The FEM assumes a chi-squared distribution, and NetworkAnalyst supports a Q-Q plot to check the validity of this assumption.
The data will rarely fall perfectly on the straight line, even when they are randomly sampled from a known
distribution, so you should look for large deviations such as the Q-Q plot below. In this case, since there is a significant
deviation, the REM may be more appropriate since it does not assume any parametric distribution.
The number of differentially expressed genes can be reduced by making the significant threshold more stringent. This can
be done when statistics are combined for the actual meta-analysis itself, and back at the "Data upload" step. Here, the
p-value cut-off can be adjusted for the differential analysis of each data set by clicking Analyze under the
"DE Analysis" step.
Yes, it is possible to perform enrichment analysis (ORA) on parts of these diagrams. For Venn diagrams, portions of diagram
will be highlighted after you click them. Multiple sections can be highlighted at once, and the union of the genes from
the highlighted sections are listed under "Gene List View" on the bottom left. The "Enrichment Analysis" tool performs ORA
on this list of genes. For chord diagrams, start by selecting a specific colour that corresponds to the significant
results from either an individual dataset or the the meta-analysis. The options under "Enrichment Analysis" will change
depending on the section of the chord diagram that's been selected. You can perform ORA on either the genes unique to the
selected dataset, or on the genes belonging to the intersection of the selected dataset with another dataset.

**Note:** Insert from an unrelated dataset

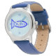 Kinderuhr aus Edelstahl mit blauem Lederarmband
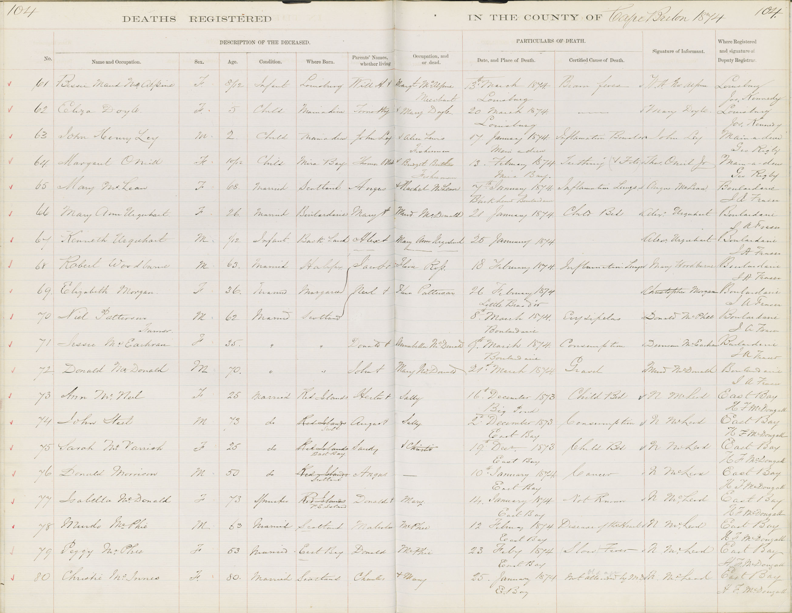Death Registration: Year: 1874 book: 1803 page: 104 number: 76

Venn diagrams are limited to 4 or fewer gene lists, and while chord diagrams have no limitation on the number of lists, there must
be fewer than 2000 genes. This limitation can be overcome by uploading the genes of interest from each dataset you are comparing as
multiple gene lists in the "Gene List Input" from the NetworkAnalyst home page and visualizing them with the "Heatmap View". This
heatmap colours genes according to the number of lists they are a part of. A gene is represented by a grey square if it is not a
member of that list. There is currently no limit to the number of genes or lists that can be visualized in this way.